Nobody forms a stable business in today’s market without clear transparency. We hold current compliance for major food safety schemes, including FSSC22000 and BRCGS. Export clients sometimes ask for halal, kosher, or non-GMO assurances, and we maintain active certificates to meet those needs. Real differences in regional labeling—like specifying botanical source or country of origin—are part of our day-to-day documentation work.
Our export batches to North America must meet the FDA’s thresholds for plant sterol content declarations and allowable impurities. European shipments require both per-lot dioxin testing and documentation on forest traceability. These realities have taught us that forging strong links with both certifiers and our own upstream suppliers pays off in both stability and integrity.
Automated track-and-trace labels, tested in our own plant first, now support every outbound batch, giving confidence to mid-size resellers and direct manufacturers alike. While many producers fight the upstream volatility in plant raw materials, our pine forest supply has proven one of the most resilient, even through seasons marked by fire, pest swings, or supply bottlenecks in other sectors.

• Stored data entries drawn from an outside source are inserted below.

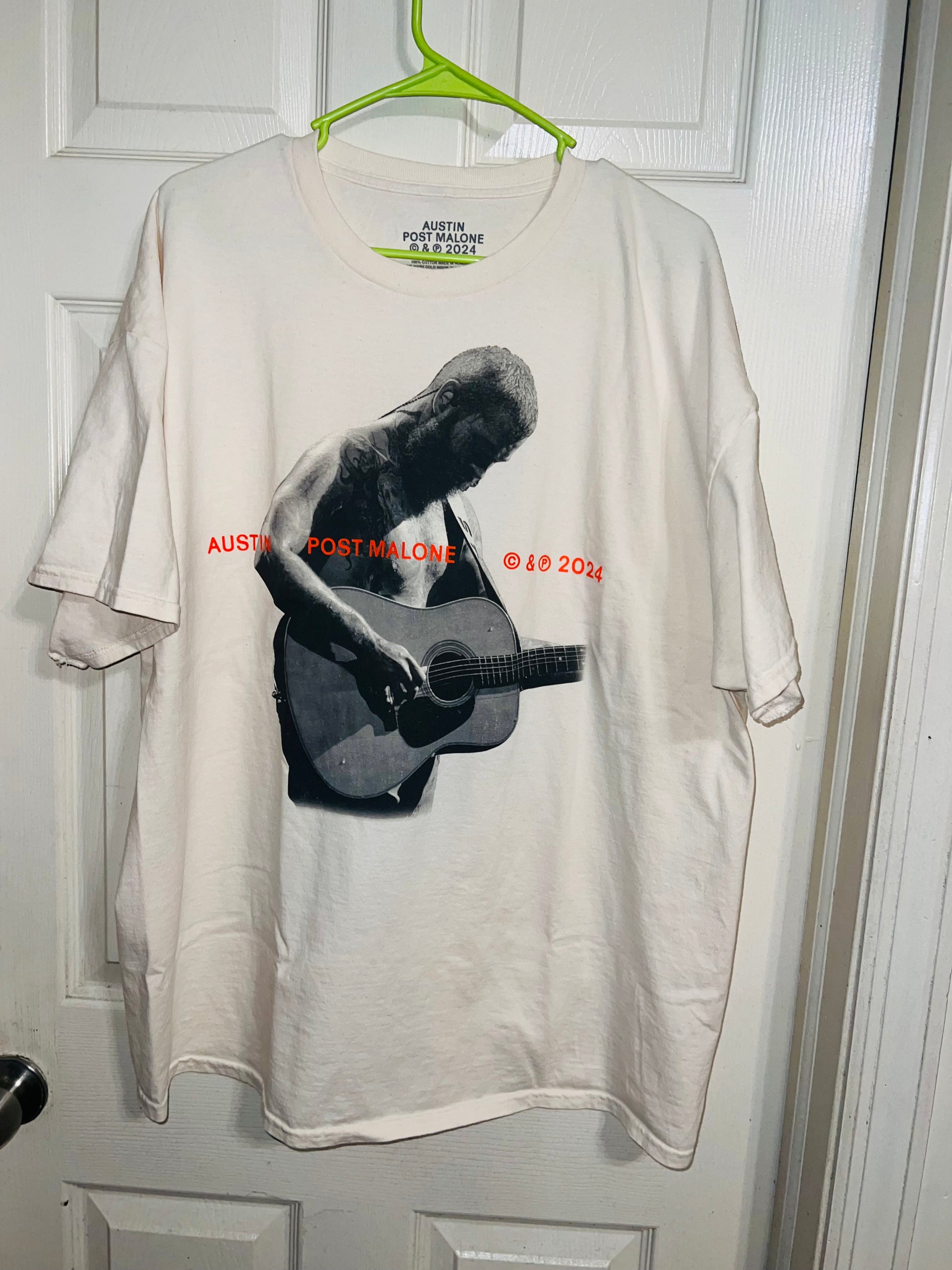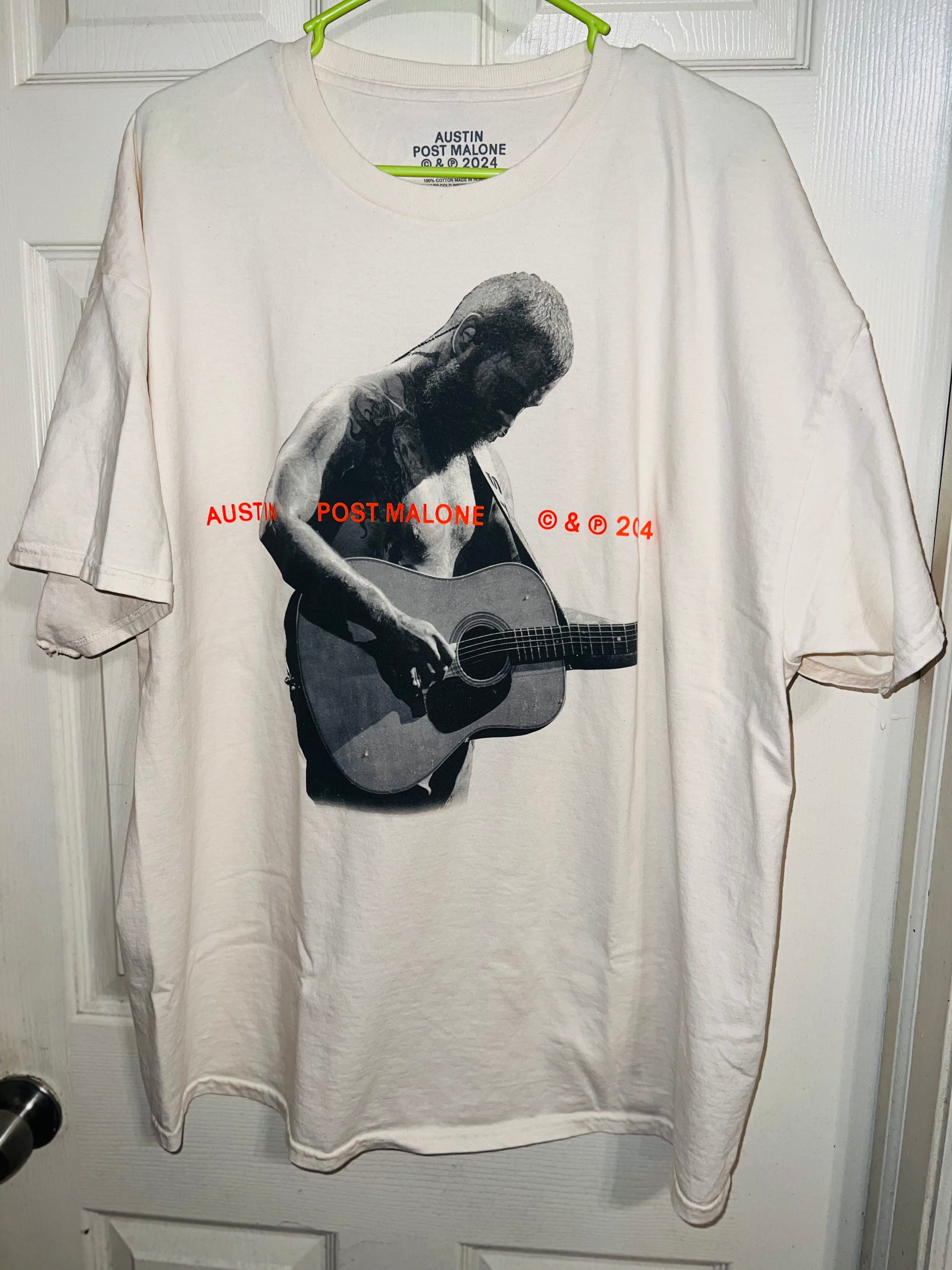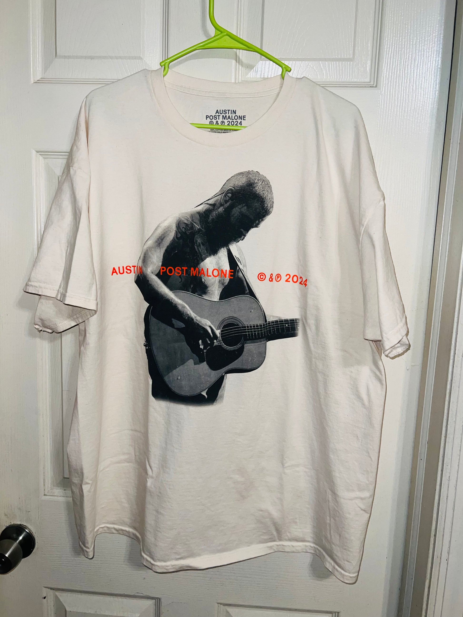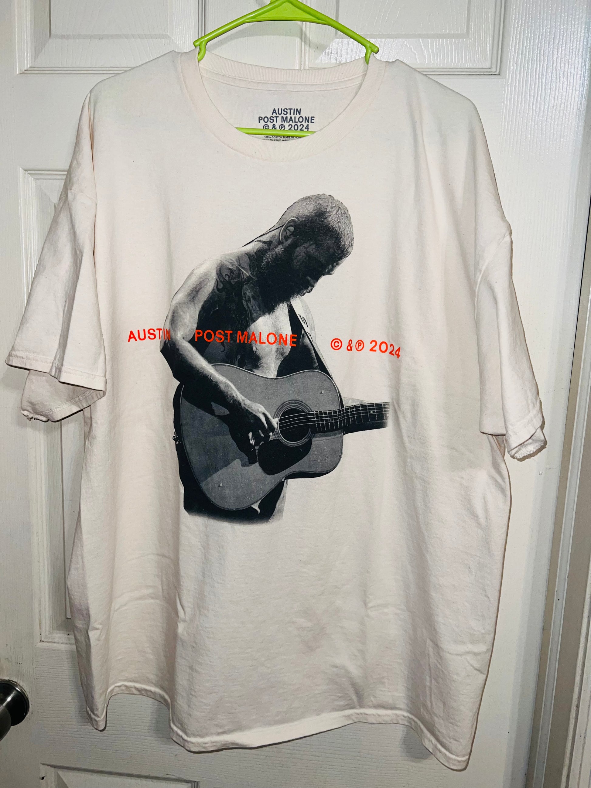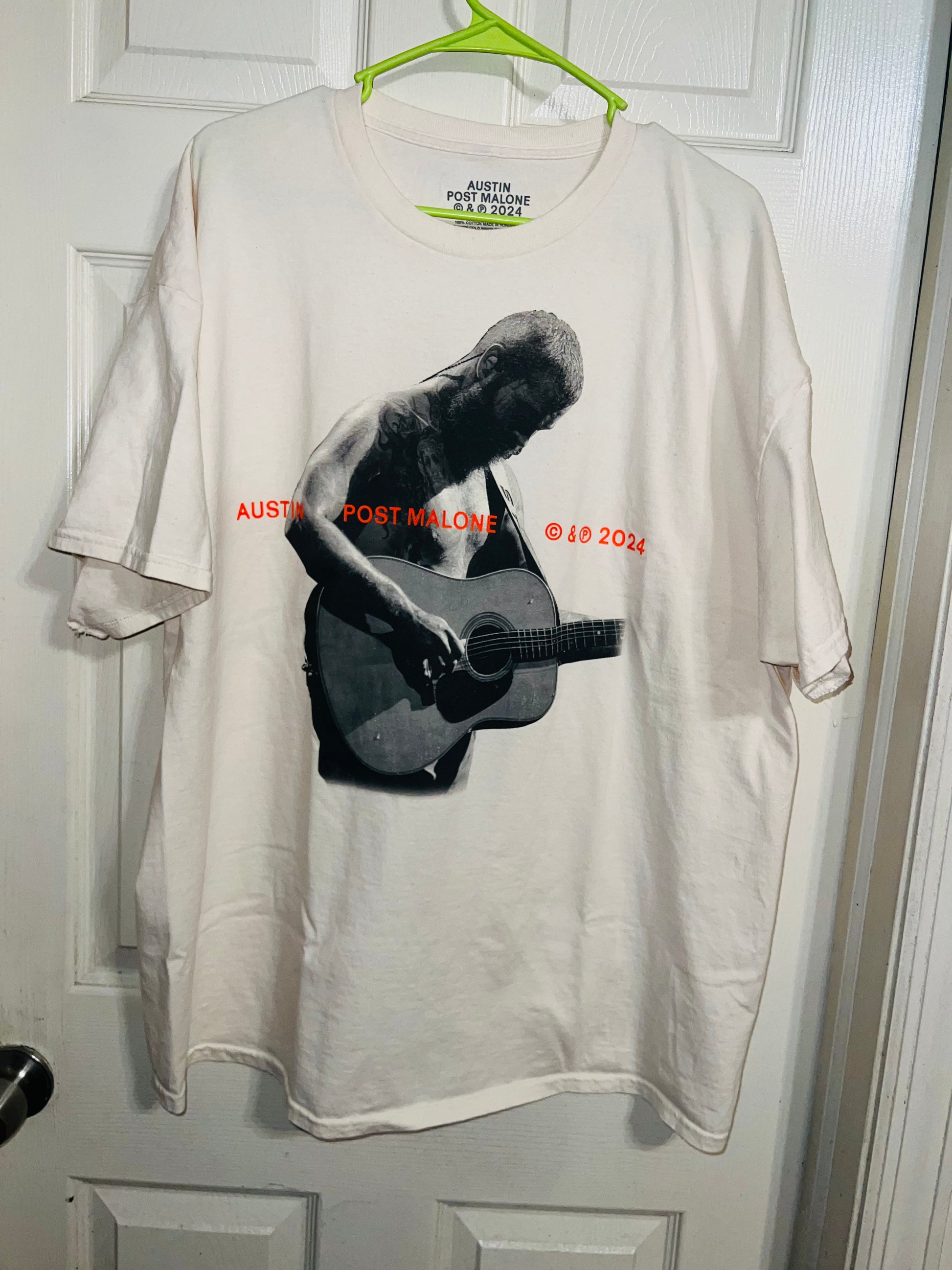 This is a preorder. Please allow extra processing time. An off white “natural” Post Malone tee with a photo of him playing the guitar on the front. Austin, 2024. One for this year! Size XL, oversized.
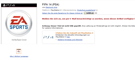 If a listing on Amazon.de is to be taken literally, it looks like this trend will be continuing as they have begun a listing for FIFA 14 on the PlayStation 4. Looking a little deeper, they also have separate listings for the PS3, Xbox 360, and PC versions of the annual sequel as well.
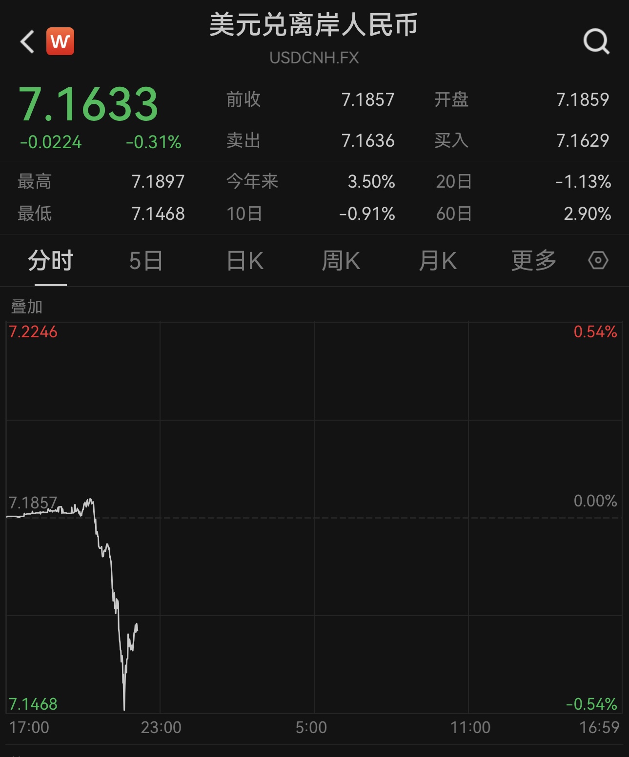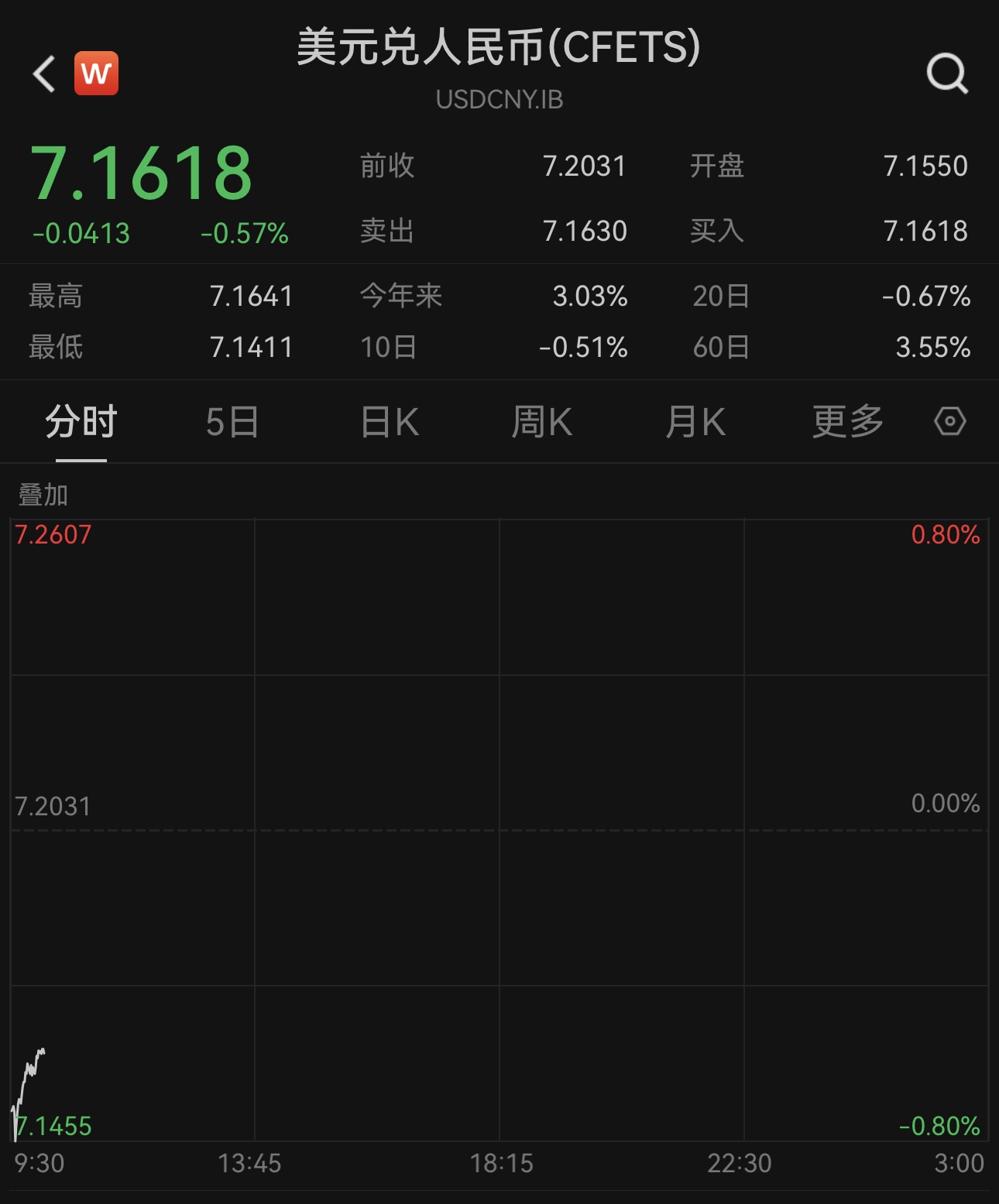 人民币对美元汇率一度升破7.15
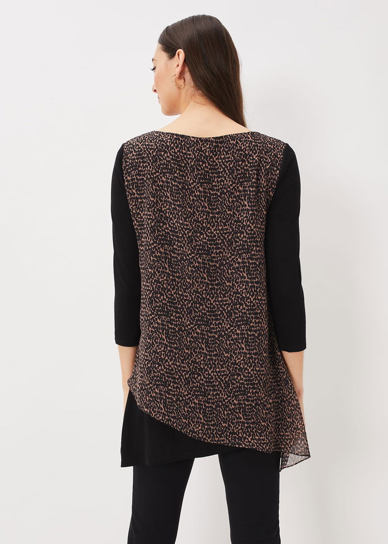 You'll never want to take this top off. Designed with a round neckline, 3/4 length black sleeves, the bodice features an animal print that's perfect to pair with jeans for a casual look.
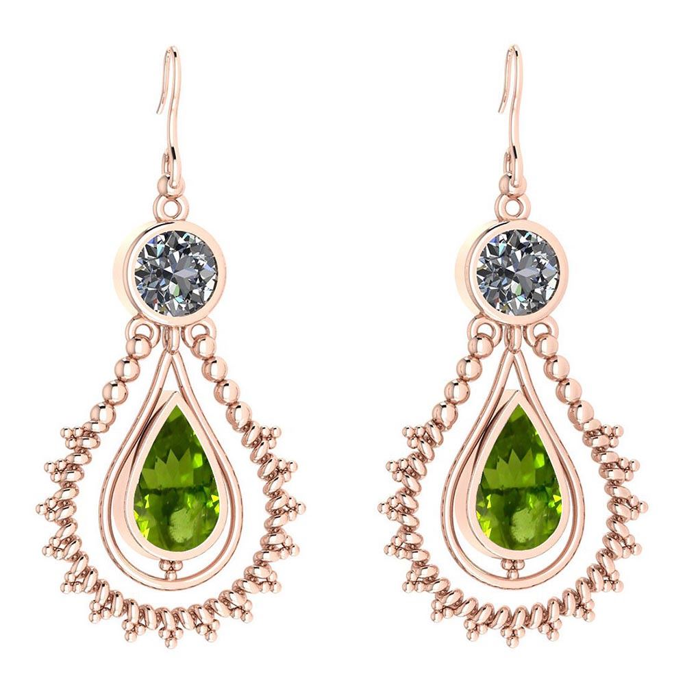 Certified 5.18 Ctw Peridot And Diamond SI2/I1 Dangling **|**|** Center Stone Approx Weight ; 3.50 Ctw (2 Pcs Pear) Center Stone Color: Peridot Center Stone Setting ; Bezel Side Stone (2 Pcs Round Diamond) 1.68 ctw Side Stone Color: White G-H Diamond Side Stone Setting: Bezel Stone Clarity: SI2/I1 Metal Approx Weight: 6.00 Gram 14K Rose Gold Dangling Earrings Made In USA
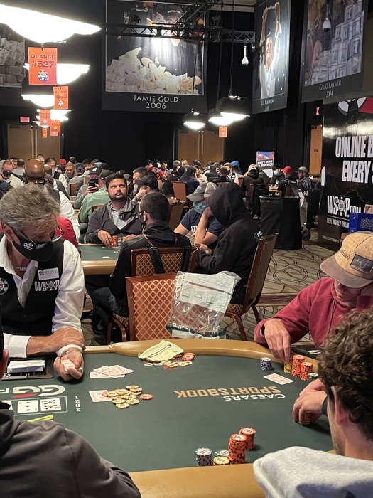 Прогуливаясь по главному залу нашла стек 169к, который растаял до 45к. Это было перед ужином 3-го дня. Участник по какой то причине просто не пришел((
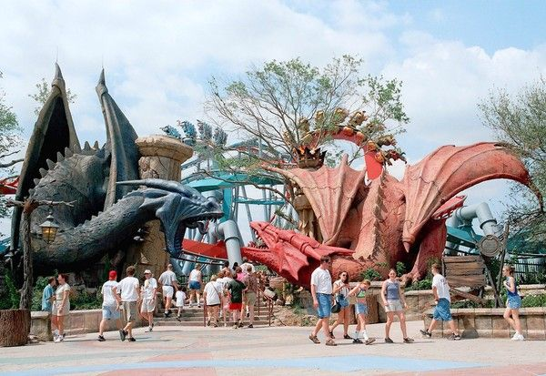 Dueling Dragons opened along with the park and was the clear headliner of the area that also included Poseidon’s Fury (an underrated and fantastic show) and The Eighth Voyage of Sindbad (a terrible show). Dueling Dragons didn’t quite live up to the expectations of Dragon Tower as it eschewed the dark ride portion of the ride, instead opting for a highly-detailed queue that drew rave reviews.
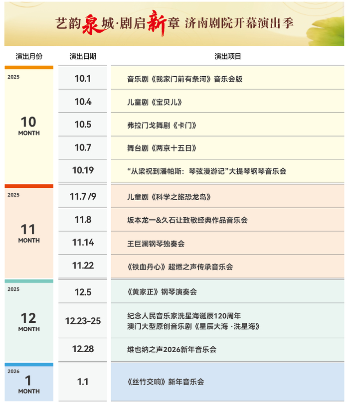 济南剧院的焕新回归,是济南市完善公共文化服务体系、提升城市文化软实力的具体举措。未来,剧院将联动韩美林艺术馆、泉城广场周边文化资源等,共同打造具有区域影响力的文化集聚区,助力济南文化建设高质量发展。关注“济南剧院”官方微信公众号获取更多最新演出信息与票务详情。
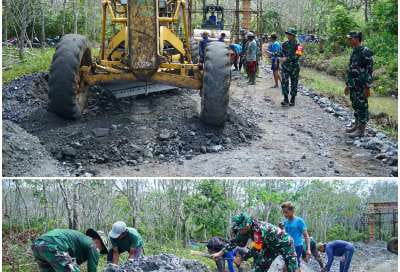 Semangat Gotong Royong, Dandim Tanah Bumbu bersama warga ratakan jalan TMMD
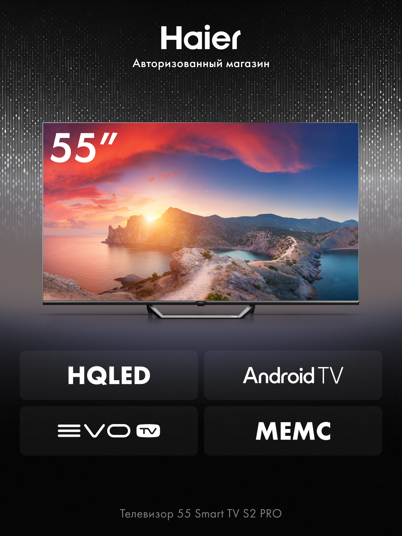Телевизор Haier 55 Smart TV S2 Pro, 55", 4K, Android TV, EVO TV, Dolby Digital, Wi-Fi 5ГГц, HDR 10, Upscaling 4K, 60 Гц информация:
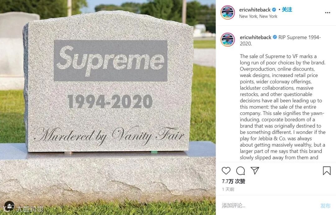 消息一出,铁粉心碎。被资本“收编”的这一步,会是Supreme从街头潮牌到滥大街的开端吗?
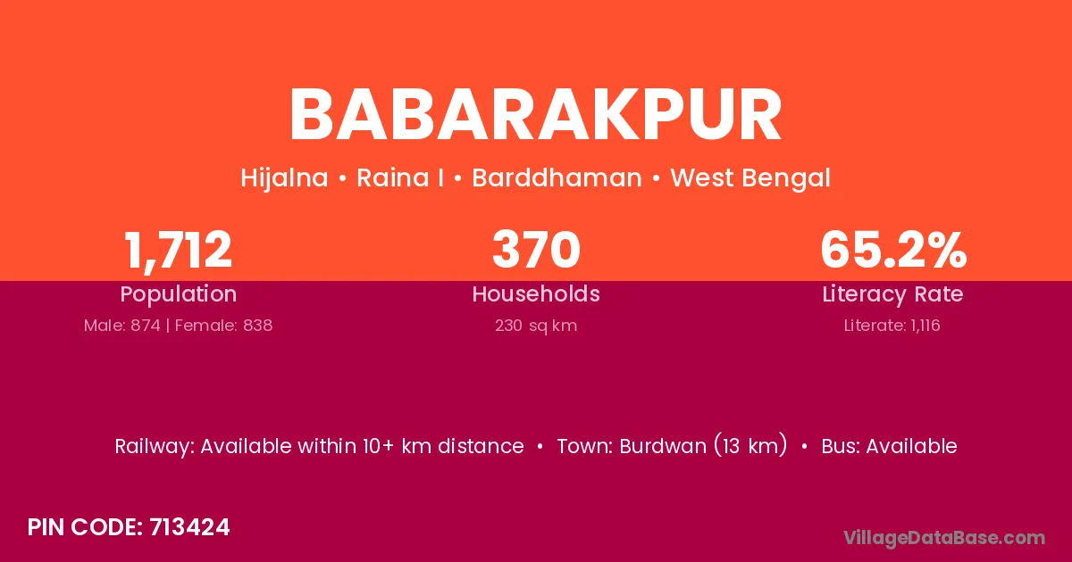 Burdwan (13 km) is the nearest town to Babarakpur village for major economic activities and is located approximately 13 km away.
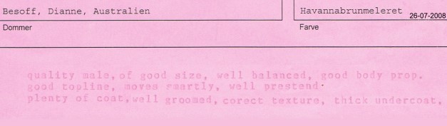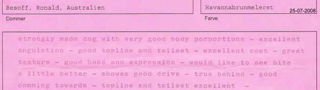 | Kraftig opdrættet hund med meget gode kropsproportioner - flotte vinkler - god ryglinjer og godt ansat hale - flot pels og fremragende struktur - godt hovede og udtryk. Ville gerne have bidet lidt bedre. bevæger sig effektiv - viser sig godt bagtil - bevæger sig godt fremad - fortræffelig ryglinje og haleføring |
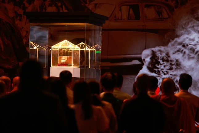 Xá lợi Trái tim Bồ tát Thích Quảng Đức tôn trí tại Việt Nam Quốc Tự, rất đông đại biểu quốc tế và Tăng Ni, Phật tử, đồng bào về chiêm bái.

We never sell to strangers; most of our large buyers have visited our facility at least once. Open lines between quality assurance teams, field engineers, and R&D keep surprises at bay. We invite clients relying on pine phytosterol to use both our technical library and hands-on pilot batches. Testing in your own conditions often yields insights big global guidelines can’t offer. Our technical staff handle everything from on-site mixing tests to troubleshooting unexpected sedimentation.
Many of our best improvements came not from marketing but from complaints—from clients whose filter feeds clogged during trial runs, or who found a persistent off-note in high-protein matrices. These early warnings shape both our process and our willingness to introduce technical refinements batch by batch. Open review and feedback cycles have knocked down production inefficiencies that even seasoned process engineers sometimes overlook.
The source of plant sterols can drive end-product success or headaches. Pine fits markets looking for strong clean-label heritage, low cross-contamination risk, and reliable batch quality. Where soy and corn phytosterols offer plenty of supply, pine answers needs for identity and traceability. We see this in premium product lines or regions requiring documentation of every input from tree to table.
We work alongside brands worried by increased allergen reporting or seeking to distinguish their nutritional offering. Pine-based phytosterol offers clear access to that requirement. Food technologists in protein, bakery, and spreadable products note straightforward blending and low-impact on taste and texture. For supplement makers, encapsulation steps take less troubleshooting, with fewer leaks and off-flavors than sometimes seen in soy-based alternatives.
Sterol purity and taste neutrality set our pine product apart, making it suitable for products where flavor carry-over ruins end-user acceptance. When new regulatory demands raise questions over genetically modified input, pine steps forward as a non-GMO answer. In supply chain realities, our pine origins bypass volatility linked to crop cycles—soy market swings or maize shortages never impact our forest contracts.
Whether you are formulating a cholesterol-lowering spread, developing a clean-label supplement, or bringing a high-nutrition beverage to market, pine phytosterol offers both a technical and brand story. Year after year, we’ve seen our partners succeed by picking materials with both strong pedigree and demonstrated stability. Our manufacturing floor, support staff, and customer network all grow from shared challenges, feedback, and practical improvements.
To us, phytosterol (pines) is not a generic plant extract, but a material shaped by firsthand labor, dedicated technical oversight, and a wide circle of partners asking tough questions.